BAO, Huiming, Department of Geology and Geophysics, Louisiana State Univ, Baton Rouge, LA 70803, SIEW, Chee Haur, Department of Geology & Geophysics, Louisiana State Univ, Baton Rouge, LA 70803, XIAO, Shuhai, Department of Geosciences, Virginia Polytechnic Institute and State Univ, Blacksburg, VA 24061 and YUAN, Xunlai, Nanjing Institute of Geology and Paleontology, Chinese Academy of Sciences, Nanjing, 210008, China, bao@lsu.edu

Thin (~ 2-5 m) dolomicrite sequences capping a possible post-Marinoan glacial diamictite, the Hankalchough Formation, eastern Chinese Tianshan, have one of the most negative δ13C values ever reported for bulk carbonates. Intriguingly, four of the same cap-carbonate sequences from spatially different sections (L, ZBS, YKG, and MK) within an area of ~ 2000 km2 exhibit a great heterogeneity in both carbon and oxygen isotope compositions, with δ13C values ranging from -0.2 to -17.1‰ and δ18O from -0.3 to -10.0‰. Furthermore, individual sequences have their own distinct δ13C-δ18O clusters; and field observation indicates that the most 13C-depleted sequence (ZBS) caps the thickest diamictite suite, while the least depleted one (YKG) caps the thinnest diamictite among the four. We propose that the observed spatial heterogeneity is strong evidence for a stagnant (or stratified) ocean basin. The extremely negative δ13C values could be achieved when nearly half of the HCO3- in an anoxic water body were derived from organic matter through microbial sulfate-reduction. Spatial variability in carbon and oxygen isotope compositions reflects the different water depths at which the cap dolomicrites formed.

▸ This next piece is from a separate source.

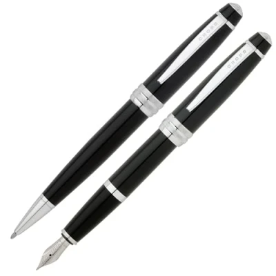 Cross Bailey Ballpoint Pen and Fountain Gift Set (Medium Nib Size) Black Ink Colour Lacquer
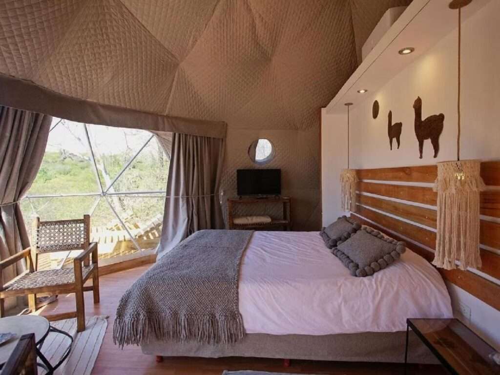 Ubicado en el barrio La Ernestina, camino al cementerio municipal, se halla este tipo de hospedaje llamado “glamping”, que surge de la combinación entre las palabras “glamour” y “camping” y se trata de unos domos de diseño ecológico en contacto con la naturaleza del lugar.

This model requires highly-intensive sulfate reduction and limited vertical exchange of water in the ocean basin. These constraints predict a small difference in δ34S values between disseminated pyrite in the carbonate and sulfate in anoxic bottom water. In addition, a dolomicrite sequence deposited at intermediate water depths should have a larger variability in its pyrite δ34S values than a sequence deposited in deep anoxic water of a stratified ocean basin. We test this hypothesis by analyzing the δ34S of disseminated pyrite in the four cap-carbonate sequences. The two extremely 13C-depleted sequences (L and ZBS) have more positive and less variable δ34S values (14.7 ± 2.7‰, and 9.9 ± 4.0‰, respectively) than those from the less 13C-depleted sequence (MK) (-1.3 ± 9.6‰), a result consistent with the stagnant ocean basin model. The YKG sequence has the highest average δ13C value but possess pyrite δ34S values (12.9 ± 5.0‰) similar to those from the two extremely 13C-depleted sequences (L and ZBS). Further test of the stagnant ocean model requires analyses of additional Hankalchough sequences in the region.